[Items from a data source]
-.-.-

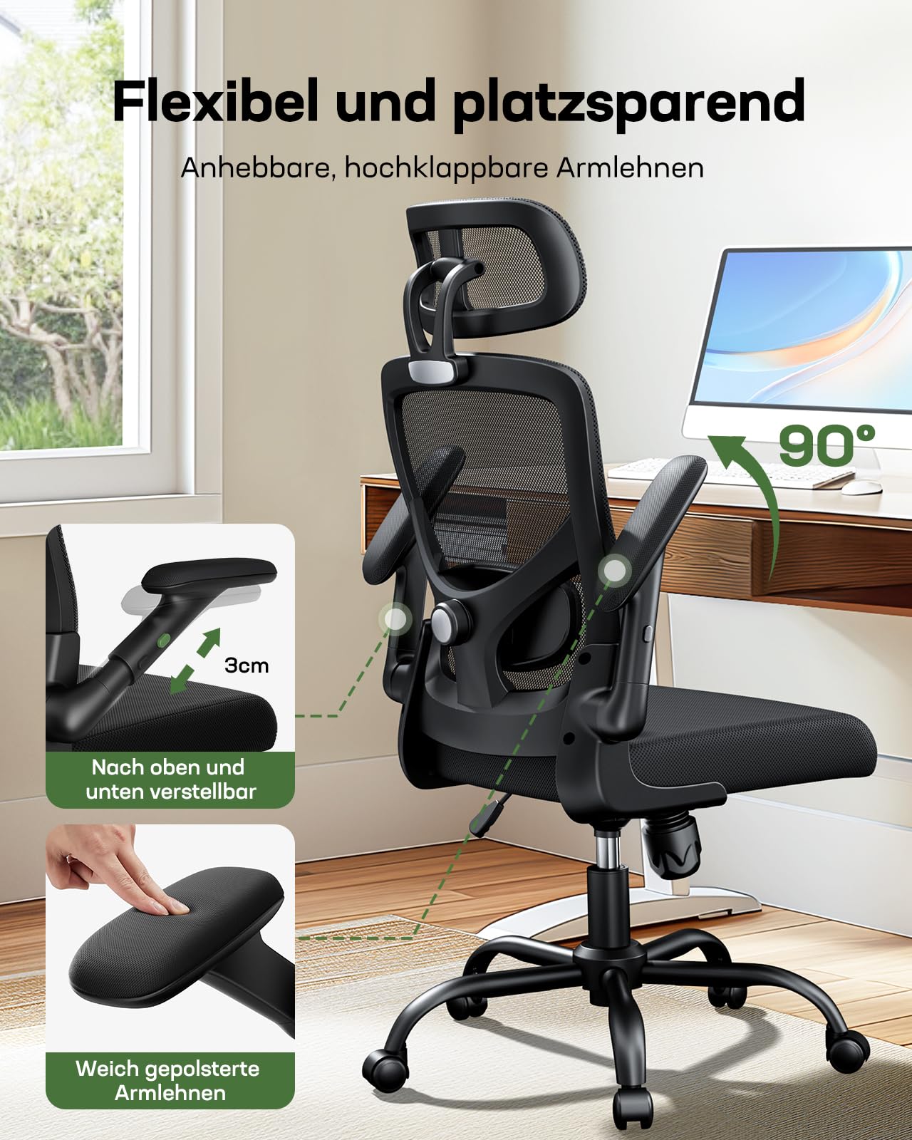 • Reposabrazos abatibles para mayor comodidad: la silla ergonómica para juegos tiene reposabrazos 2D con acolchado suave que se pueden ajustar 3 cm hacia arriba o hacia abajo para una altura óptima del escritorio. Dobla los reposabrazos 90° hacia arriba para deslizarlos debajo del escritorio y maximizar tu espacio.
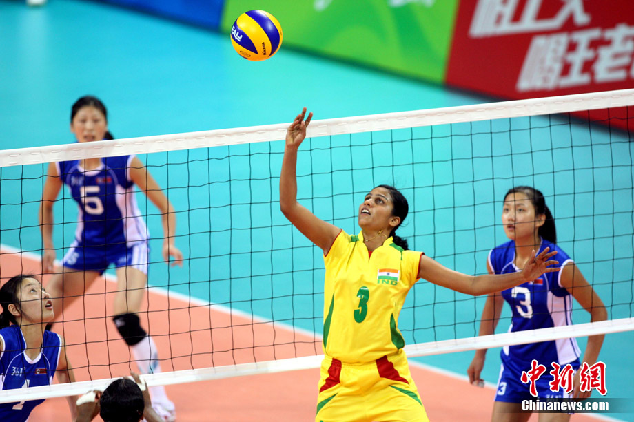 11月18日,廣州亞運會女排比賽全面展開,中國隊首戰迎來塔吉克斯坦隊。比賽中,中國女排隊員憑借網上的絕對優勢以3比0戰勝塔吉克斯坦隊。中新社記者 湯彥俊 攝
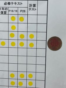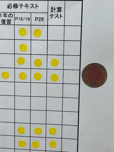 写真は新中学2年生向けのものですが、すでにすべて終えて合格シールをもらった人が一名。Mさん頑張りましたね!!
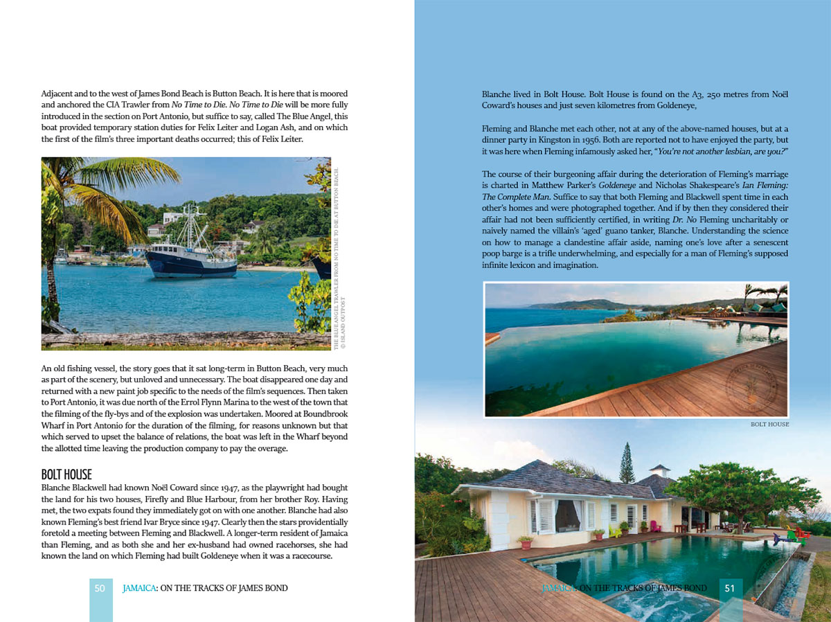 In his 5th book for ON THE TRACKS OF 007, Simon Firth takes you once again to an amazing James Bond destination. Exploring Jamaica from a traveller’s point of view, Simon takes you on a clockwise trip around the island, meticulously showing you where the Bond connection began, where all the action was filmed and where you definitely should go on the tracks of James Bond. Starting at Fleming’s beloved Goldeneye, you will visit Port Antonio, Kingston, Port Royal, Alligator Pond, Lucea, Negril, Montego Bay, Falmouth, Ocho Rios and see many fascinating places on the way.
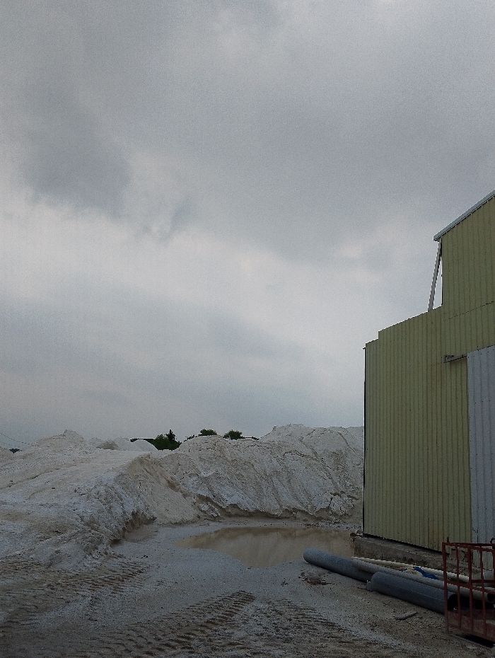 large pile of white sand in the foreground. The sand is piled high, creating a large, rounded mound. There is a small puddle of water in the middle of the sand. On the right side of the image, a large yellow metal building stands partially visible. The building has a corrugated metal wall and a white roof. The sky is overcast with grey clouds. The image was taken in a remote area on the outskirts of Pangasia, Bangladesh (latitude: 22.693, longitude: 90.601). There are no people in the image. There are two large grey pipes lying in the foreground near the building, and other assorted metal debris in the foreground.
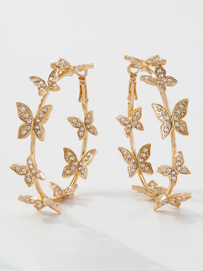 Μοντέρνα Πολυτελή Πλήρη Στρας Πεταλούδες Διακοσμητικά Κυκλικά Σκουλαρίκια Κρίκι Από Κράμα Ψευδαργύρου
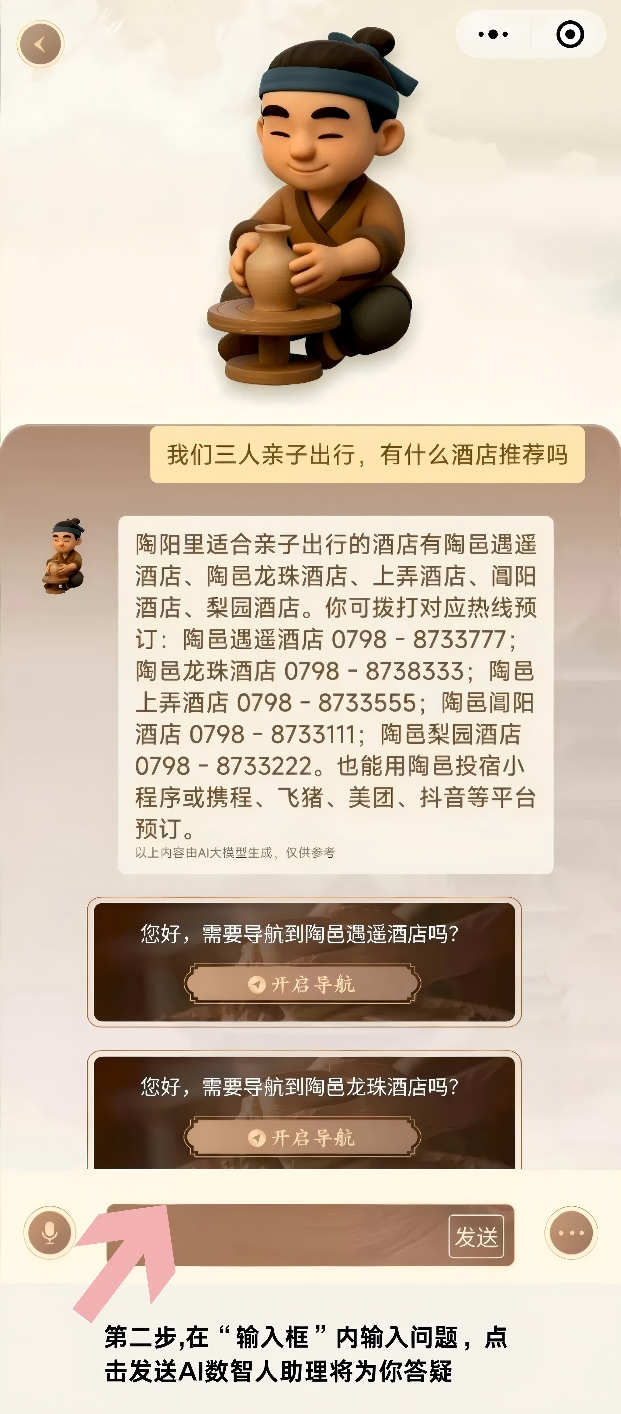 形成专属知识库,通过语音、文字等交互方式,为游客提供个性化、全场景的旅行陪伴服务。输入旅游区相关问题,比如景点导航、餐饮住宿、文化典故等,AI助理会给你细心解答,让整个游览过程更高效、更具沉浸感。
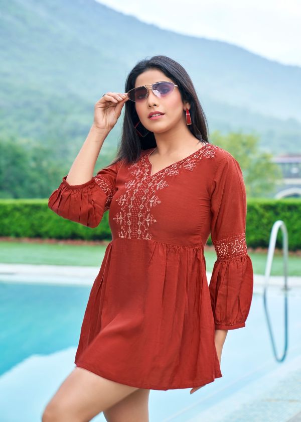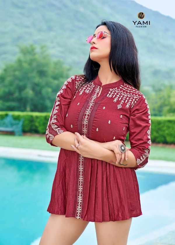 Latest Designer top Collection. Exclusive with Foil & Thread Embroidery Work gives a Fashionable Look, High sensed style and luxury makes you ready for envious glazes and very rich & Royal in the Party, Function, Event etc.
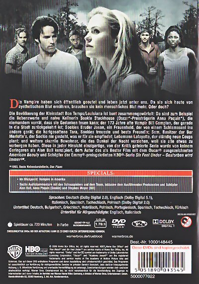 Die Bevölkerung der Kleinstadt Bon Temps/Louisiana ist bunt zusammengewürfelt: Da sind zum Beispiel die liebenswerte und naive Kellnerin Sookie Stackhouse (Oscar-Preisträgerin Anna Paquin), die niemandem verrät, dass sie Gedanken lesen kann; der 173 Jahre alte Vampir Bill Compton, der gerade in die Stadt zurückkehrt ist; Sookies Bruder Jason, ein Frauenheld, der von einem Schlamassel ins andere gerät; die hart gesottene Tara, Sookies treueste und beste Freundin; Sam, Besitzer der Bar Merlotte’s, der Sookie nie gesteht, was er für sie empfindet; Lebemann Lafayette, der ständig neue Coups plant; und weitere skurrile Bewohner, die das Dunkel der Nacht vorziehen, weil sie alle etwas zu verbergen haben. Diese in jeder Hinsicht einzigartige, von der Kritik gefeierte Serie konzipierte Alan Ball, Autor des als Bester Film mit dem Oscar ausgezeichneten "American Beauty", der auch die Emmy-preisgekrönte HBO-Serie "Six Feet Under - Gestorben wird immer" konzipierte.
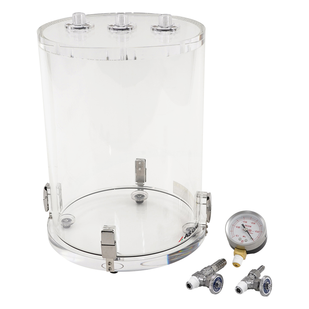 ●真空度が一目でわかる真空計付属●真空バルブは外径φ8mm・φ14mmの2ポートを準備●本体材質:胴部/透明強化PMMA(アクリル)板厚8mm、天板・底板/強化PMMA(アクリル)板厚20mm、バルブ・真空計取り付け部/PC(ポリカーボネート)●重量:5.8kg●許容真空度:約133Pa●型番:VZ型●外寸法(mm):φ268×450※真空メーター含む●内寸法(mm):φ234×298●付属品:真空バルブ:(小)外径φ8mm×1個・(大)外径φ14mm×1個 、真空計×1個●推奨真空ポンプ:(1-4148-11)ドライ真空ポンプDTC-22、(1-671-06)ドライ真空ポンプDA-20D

-.-.-

> _Try it_
Would you give the entries above again verbatim, omitting the images they contain?

> _Output of the task_
 • Reposabrazos abatibles para mayor comodidad: la silla ergonómica para juegos tiene reposabrazos 2D con acolchado suave que se pueden ajustar 3 cm hacia arriba o hacia abajo para una altura óptima del escritorio. Dobla los reposabrazos 90° hacia arriba para deslizarlos debajo del escritorio y maximizar tu espacio.
 11月18日,廣州亞運會女排比賽全面展開,中國隊首戰迎來塔吉克斯坦隊。比賽中,中國女排隊員憑借網上的絕對優勢以3比0戰勝塔吉克斯坦隊。中新社記者 湯彥俊 攝
 写真は新中学2年生向けのものですが、すでにすべて終えて合格シールをもらった人が一名。Mさん頑張りましたね!!
 In his 5th book for ON THE TRACKS OF 007, Simon Firth takes you once again to an amazing James Bond destination. Exploring Jamaica from a traveller’s point of view, Simon takes you on a clockwise trip around the island, meticulously showing you where the Bond connection began, where all the action was filmed and where you definitely should go on the tracks of James Bond. Starting at Fleming’s beloved Goldeneye, you will visit Port Antonio, Kingston, Port Royal, Alligator Pond, Lucea, Negril, Montego Bay, Falmouth, Ocho Rios and see many fascinating places on the way.
 large pile of white sand in the foreground. The sand is piled high, creating a large, rounded mound. There is a small puddle of water in the middle of the sand. On the right side of the image, a large yellow metal building stands partially visible. The building has a corrugated metal wall and a white roof. The sky is overcast with grey clouds. The image was taken in a remote area on the outskirts of Pangasia, Bangladesh (latitude: 22.693, longitude: 90.601). There are no people in the image. There are two large grey pipes lying in the foreground near the building, and other assorted metal debris in the foreground.
 Μοντέρνα Πολυτελή Πλήρη Στρας Πεταλούδες Διακοσμητικά Κυκλικά Σκουλαρίκια Κρίκι Από Κράμα Ψευδαργύρου
 形成专属知识库,通过语音、文字等交互方式,为游客提供个性化、全场景的旅行陪伴服务。输入旅游区相关问题,比如景点导航、餐饮住宿、文化典故等,AI助理会给你细心解答,让整个游览过程更高效、更具沉浸感。
 Latest Designer top Collection. Exclusive with Foil & Thread Embroidery Work gives a Fashionable Look, High sensed style and luxury makes you ready for envious glazes and very rich & Royal in the Party, Function, Event etc.
 Die Bevölkerung der Kleinstadt Bon Temps/Louisiana ist bunt zusammengewürfelt: Da sind zum Beispiel die liebenswerte und naive Kellnerin Sookie Stackhouse (Oscar-Preisträgerin Anna Paquin), die niemandem verrät, dass sie Gedanken lesen kann; der 173 Jahre alte Vampir Bill Compton, der gerade in die Stadt zurückkehrt ist; Sookies Bruder Jason, ein Frauenheld, der von einem Schlamassel ins andere gerät; die hart gesottene Tara, Sookies treueste und beste Freundin; Sam, Besitzer der Bar Merlotte’s, der Sookie nie gesteht, was er für sie empfindet; Lebemann Lafayette, der ständig neue Coups plant; und weitere skurrile Bewohner, die das Dunkel der Nacht vorziehen, weil sie alle etwas zu verbergen haben. Diese in jeder Hinsicht einzigartige, von der Kritik gefeierte Serie konzipierte Alan Ball, Autor des als Bester Film mit dem Oscar ausgezeichneten "American Beauty", der auch die Emmy-preisgekrönte HBO-Serie "Six Feet Under - Gestorben wird immer" konzipierte.
 ●真空度が一目でわかる真空計付属●真空バルブは外径φ8mm・φ14mmの2ポートを準備●本体材質:胴部/透明強化PMMA(アクリル)板厚8mm、天板・底板/強化PMMA(アクリル)板厚20mm、バルブ・真空計取り付け部/PC(ポリカーボネート)●重量:5.8kg●許容真空度:約133Pa●型番:VZ型●外寸法(mm):φ268×450※真空メーター含む●内寸法(mm):φ234×298●付属品:真空バルブ:(小)外径φ8mm×1個・(大)外径φ14mm×1個 、真空計×1個●推奨真空ポンプ:(1-4148-11)ドライ真空ポンプDTC-22、(1-671-06)ドライ真空ポンプDA-20D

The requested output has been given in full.